[net.arch] The CLIPPER Microprocessor

kissell@spar.UUCP (Kevin Kissell) (10/08/85)

[]
	Since the Fairchild CLIPPER (tm of Fairchild Camera and Instrument
and all that) microprocessor is now public knowledge, it seems only fair to 
post a quick description of the architecture to the net.

	The CLIPPER CPU is a 32-bit microprocessor, implemented in 2-micron
CMOS.  It is not really a RISC chip, but it does directly execute all of its 
instructions without any microcode interpretation.  It is a load-store machine,
with a linear 32-bit address space.  There are two sets of 16 general-purpose
32-bit registers; one set for the user, and one for supervisory (kernel) mode,
plus a set of 8 double-precision floating-point registers.  Integer and IEEE-
compatible floating-point execution units operate as parallel functional units,
both being fed by a two-stage (not counting the IB) instruction pipe.  The 
integer execution unit itself is pipelined in three stages, and instructions 
may be executing concurrently at all three.  Integer ALU operations and 
register transfers require only a single cycle at each stage, and since the 
CPU runs on a single-phase 33MHz clock, I guess we could say it has a burst 
execution rate of 33 Mips.  Somewhat more realistically, on the Patterson 
benchmarks it averages out to between 4 and 8 Mips, depending on the benchmark.
We tend to think of CLIPPER as a 5 Mips machine.

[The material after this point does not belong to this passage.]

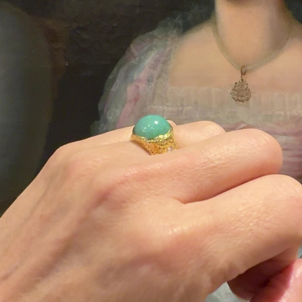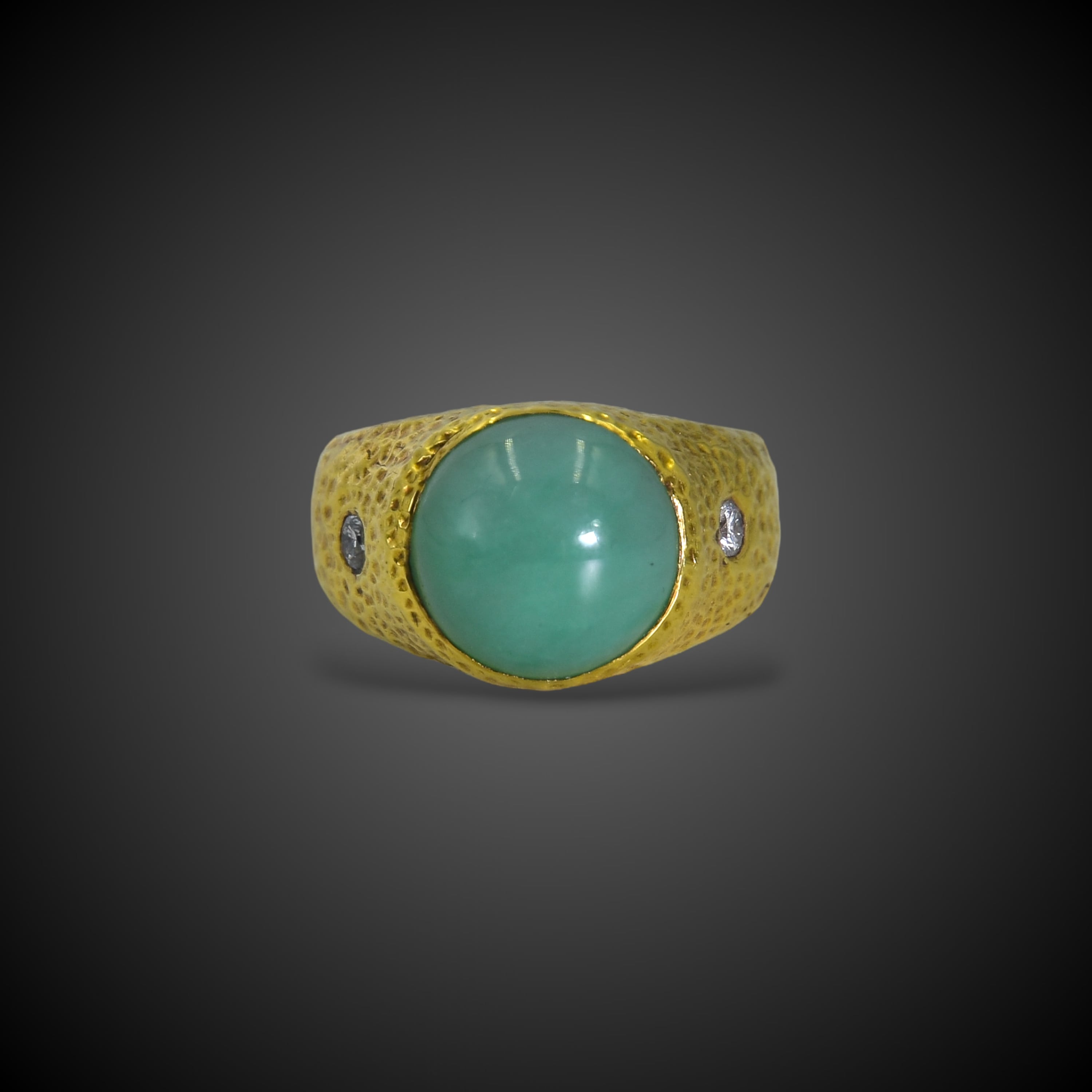 Een 18-karaats gouden gehamerde ring bezet met een ronde cabchongeslepen jade en geflankeerd door twee briljantgeslepen diamanten.

	The companion chip to the CLIPPER CPU is the "CAMMU" or cache/MMU.
The CPU chip has a Harvard-like dual-bus architecture, and putting CAMMUs 
on both the data and instruction buses allows the pipelined CPU to fetch
instructions and access data at the same time.  Each cache is a 4K real-
address cache, two-way set-associative, and organized as 256 16-byte 
("quadword") lines.  In instruction mode, the cache autonomously prefetches 
instructions from 32-bit memory in quadword bursts.  For data, the cache can 
employ either write-through or copy-back policies, selectable on a per-page 
basis by a field in the page table entry.  The MMUs provide distinct user 
and supervisor maps, with 4K pages, using a two-level lookup scheme.  There 
is a translation-lookaside buffer (TLB), also two-way set-associative, which 
caches up to 128 translations in each CAMMU.  The CAMMU's interface to system 
memory is a multiplexed, synchronous, 32-bit bus, clocked at either 1/2 or 
1/4 of the CPU clock.

Kevin D. Kissell
Fairchild Advanced Processor Division
uucp: {ihnp4 decvax}!decwrl!\
                             >spar!kissell
    {ucbvax sdcrdcf}!hplabs!/